Work instructions:
Your job is to give again, exactly and with no additions, the lines in the records below from the one with "Daye Antonio z" through the one with "糧油價格微幅波動。本周糧食均", both included. Omit the pictures.

=== Data supplied ===

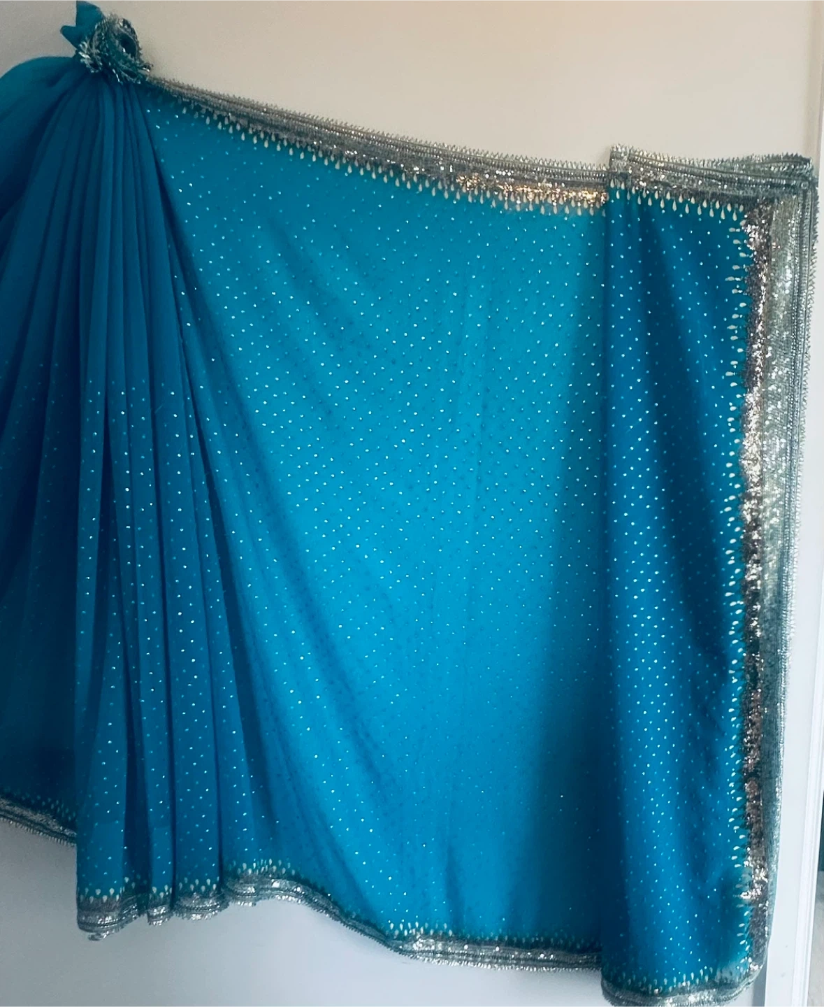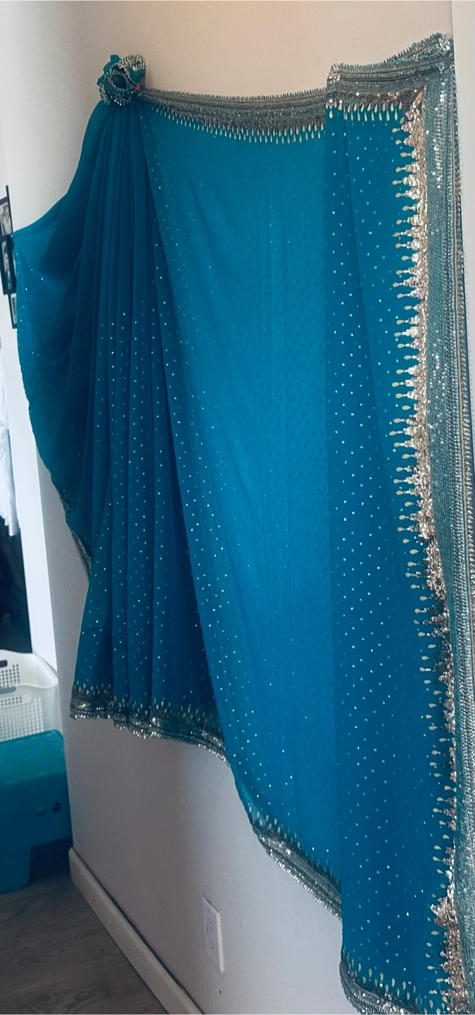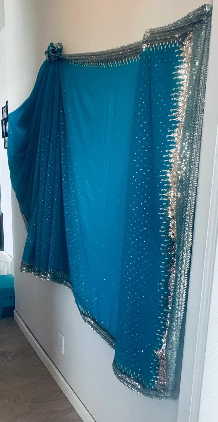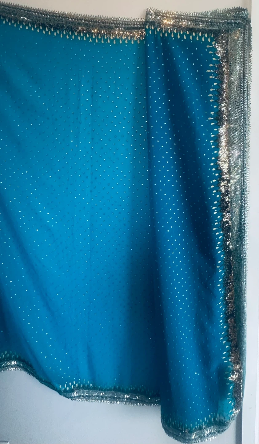 Beautiful blue sari featuring delicate silver embellishments Perfect for special occasions or adding a touch of elegance to any outfit
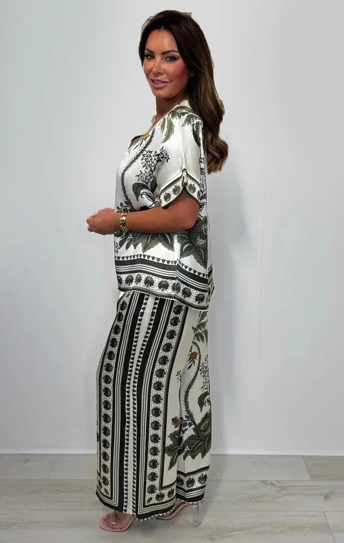 راحة حريرية فائقة: مزيجنا المميز من 97% ساتان و3% إيلاستين ينساب على بشرتكِ، ليمنحكِ مرونة لطيفة ولمسة ناعمة ومنعشة. ✨ قصة مريحة وجيدة التهوية: صُممت التصميمات الفضفاضة والخفيفة لكل من القميص والبنطال لتمنحكِ الراحة والحرية، أينما كنتِ. 🌸 أناقة سهلة: تُضفي الطبعة الجميلة لمسة راقية على هذه المجموعة المريحة. تألقي بإطلالة أنيقة على الفور، دون أي جهد. 🧵 جودة تشعرين بها: صُنعت بخبرة لطبقة نهائية متينة وعالية الجودة، تُشعركِ بالفخامة كما تبدو، غسلة بعد غسلة.
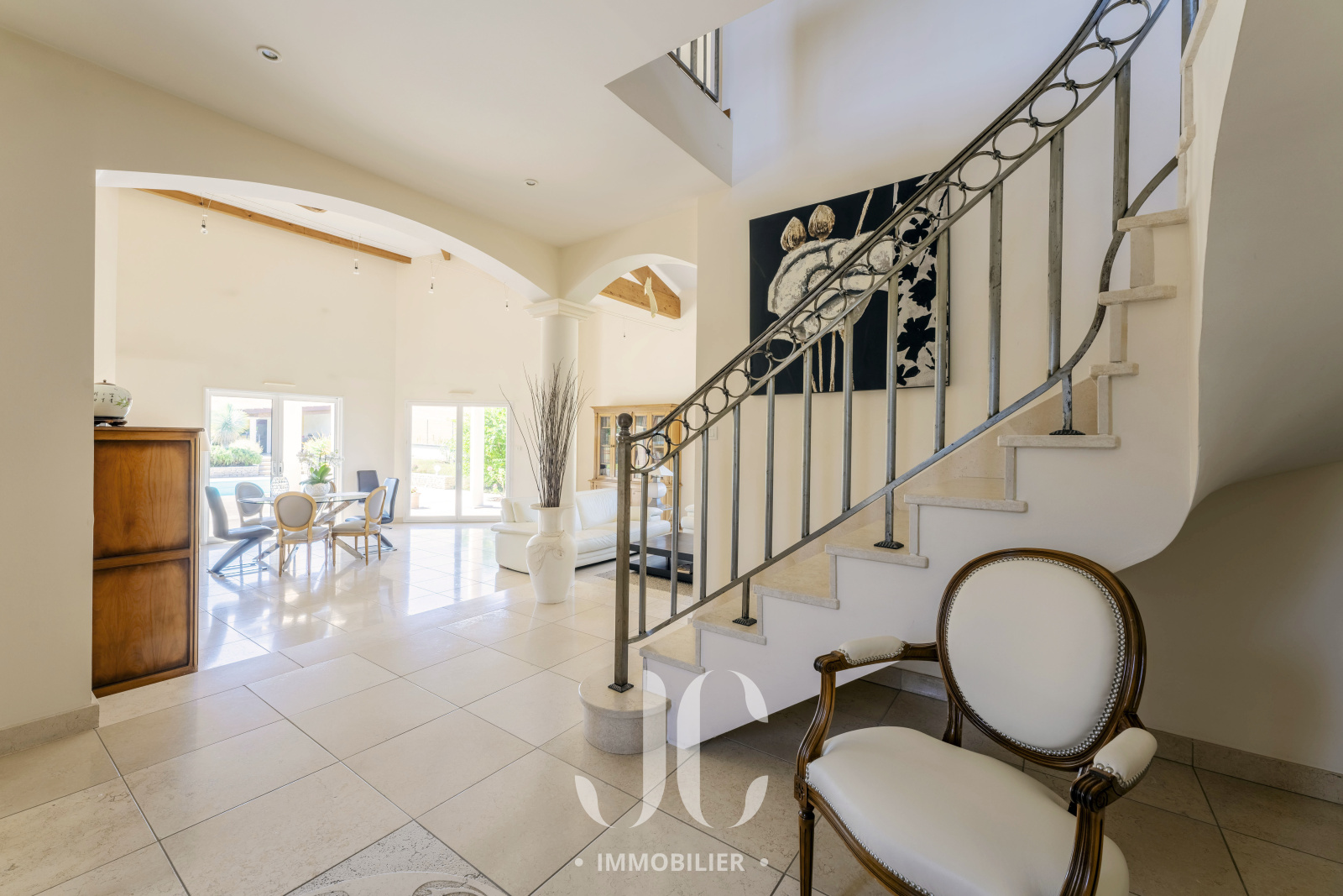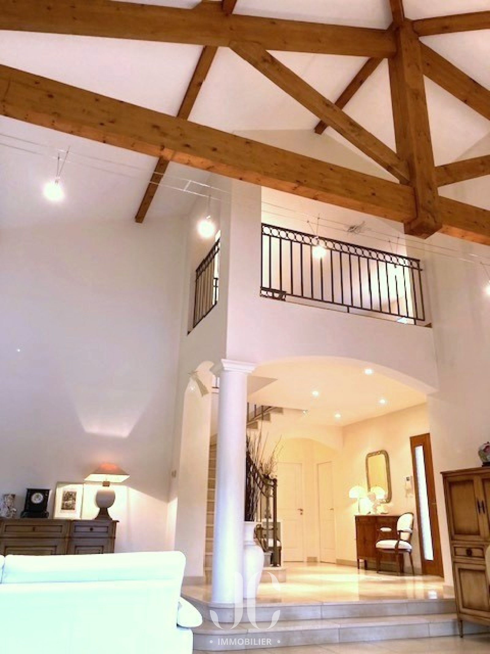 Un Intérieur Lumineux et Raffiné : Pénétrez dans un grand hall d'entrée qui s'ouvre majestueusement sur un salon cathédrale d'une luminosité exceptionnelle. Les baies à galandage offrent une vue imprenable sur le jardin paysager et la quiétude de la nature environnante. La hauteur sous plafond hors norme confère à cet espace une grandeur remarquable, tandis qu'un magnifique escalier en marbre invite à découvrir l'étage.
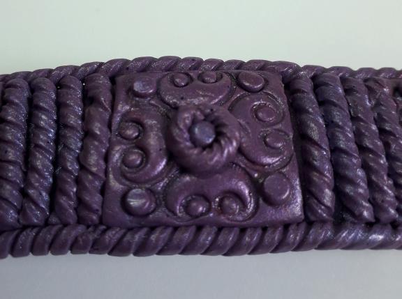 I have first covered a metal blank with the purple clay and then added more on top to form the pattern of swirls, dots and twists, I have lightly brushed mica powder over the top which gives the design a bluish metallic tint in places, and finished with a light coat of varnish to highlight the colours.
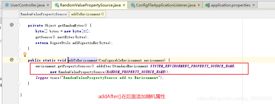 进入到addToEnvironment()方法,这里的addAfter就是在后面添加随机属性。
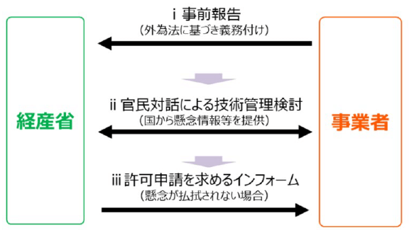 本中間報告においては、事前報告を求める時期について、技術提供取引に係る契約が行われる前の報告を義務づけるべきとしており、その背景には、上記(ii)官民対話の結果として技術提供者が任意に技術提供を中止・変更する可能性も想定し、このような場合に技術提供者が相手方に対する債務不履行責任等を負わないようにするという配慮があると思われる。もっとも、技術提供者は技術提供に関する具体的な協議等を契約締結前に相手方と行っていると考えられ、相手方との協議状況等によっては、官民対話を通じて経済産業省から懸念を示された旨を説明するだけでは技術提供の中止・変更に関する相手方の理解を得ることが困難な場合も想定され、場合によっては紛争化する可能性もあり得る。そこで、官民対話においても、経済産業省が技術提供者に技術流出懸念を示して技術提供の中止・変更の検討を要請するような場合には、(事柄の性質上、技術提供にかかる懸念の理由をそのまま伝達することは難しかったとしても)技術提供者が相手方の理解を得る上でのサポートを可能な範囲で行ったり、技術提供者が相手方の理解を得られないときにはインフォームによる許可申請の義務づけ等を行ったりするなどして、技術提供者が経済産業省から示された技術流出懸念と相手方への対応の間で板挟みにならないよう配慮した実務運用となることが望まれる。
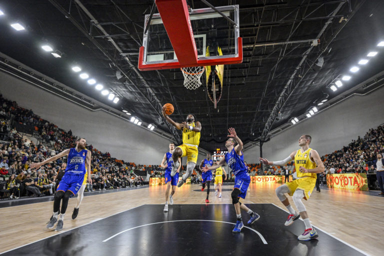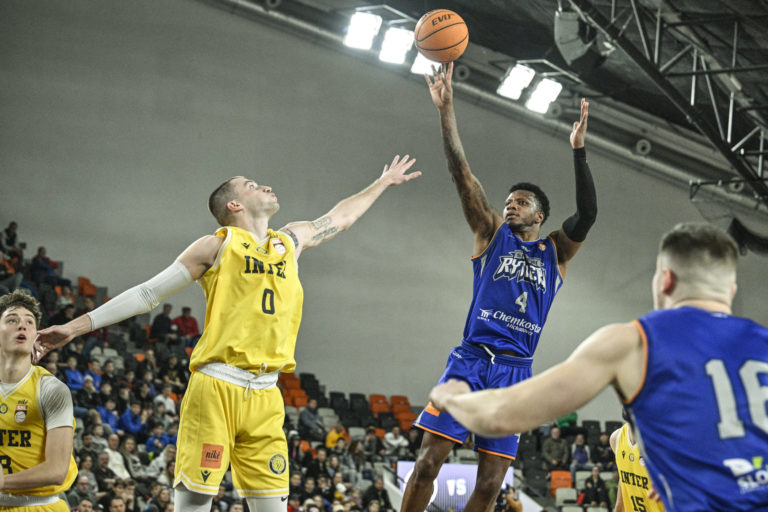Daye Antonio z Inter Bratislava (uprostred) počas 31. kola basketbalového zápasu SBL mužov 2023/2024 medzi Inter Bratislava - Spišskí rytieri (SNV). Bratislava, 16. február 2024. Foto: SITA/Milan Illík
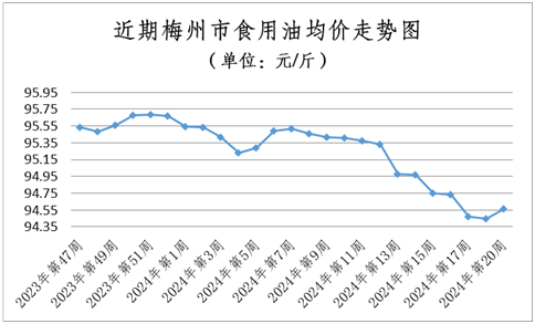 糧油價格微幅波動。本周糧食均價為3.14元/斤,環比(與2024年第19周相比,下同)下降0.32%;食用油均價為94.56元/桶(5L),環比上升0.12%。
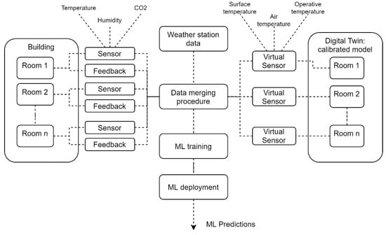 The prediction of thermal comfort feedback from occupants of a building is a complex problem. Recently, several studies underlined the main limitation of traditional methods to predict thermal comfort, such as the limited accuracy achieved when compared to actual votes from the occupants (41.68–65.5% []); the need for dedicated expensive equipment for capturing specific environmental variables; the inability to consider non-physics-related variables (e.g., real feedback, preferences, and behavioural patterns); and the need for time-consuming, costly, and difficult setups, as in the case of CFD analyses. One explanation for the identified validation discrepancies is that traditional methods only leverage a limited set of variables for the calculations. Considering this, several research studies started to address the thermal comfort satisfaction as a holistic concept that encompasses behavioural, physiological, and psychological aspects. From a technical point of view, this translates to the adoption of unconventional methods based on real data, data analysis, and, more recently, machine-learning techniques. Nevertheless, data-driven approaches rely on the available data, which, if it is scarce, may affect the prediction capability of the model. They require expensive equipment and the setup of dedicated data collection campaigns. Hybrid modelling, intended as the combination of data-driven methods and physics-based approaches, is rarely adopted, although it could overcome many shortcomings of the most traditional methods. In recent years, with the rapid diffusion of IoT devices, a large amount of high-resolution data became available from the built environment [], facilitating the creation of accurate digital twins of buildings, defined here as accurate and calibrated building energy models. When calibrated, digital twin models can be considered as an additional source of information and a virtual asset to assess the environmental quality of a building [] and to generate scenarios. This is performed by extracting virtual sensor variables from simulations for which the equivalent real variables would be difficult and expensive to measure by sensors (e.g., operative temperature, mean radiant temperature, surface temperature, heat fluxes, etc.) []. This approach has not been fully leveraged in the literature. Therefore, the current work contributes to the current literature by focusing on three main objectives:
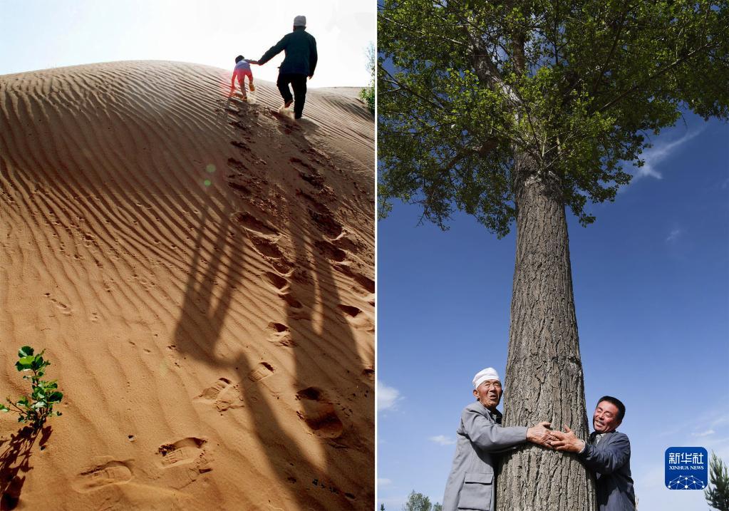 这是一张拼版照片,左图为:1998年8月,榆林市靖边县郭成旺老人带着曾孙行进在沙漠中。老人希望子子孙孙植树造林,直到沙漠都变成绿洲;右图为:2020年5月22日,99岁的郭成旺老人(左)与孙儿郭建军抱着当年栽下的第一棵杨树,向参观者介绍当年植树的情景。1984年,郭成旺承包了离家10公里处的荒沙地,带领全家常年吃住在沙地的简易房里,为4.5万亩沙漠披上了绿装。新华社记者 陶明 摄
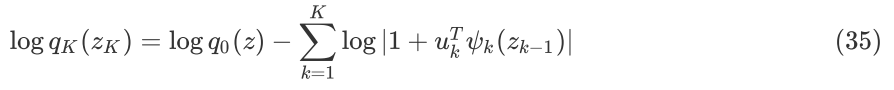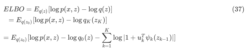以 Planar 为例,将归一化流代入到EBLO 中可以得到:

===

Reply:
Daye Antonio z Inter Bratislava (uprostred) počas 31. kola basketbalového zápasu SBL mužov 2023/2024 medzi Inter Bratislava - Spišskí rytieri (SNV). Bratislava, 16. február 2024. Foto: SITA/Milan Illík
 糧油價格微幅波動。本周糧食均價為3.14元/斤,環比(與2024年第19周相比,下同)下降0.32%;食用油均價為94.56元/桶(5L),環比上升0.12%。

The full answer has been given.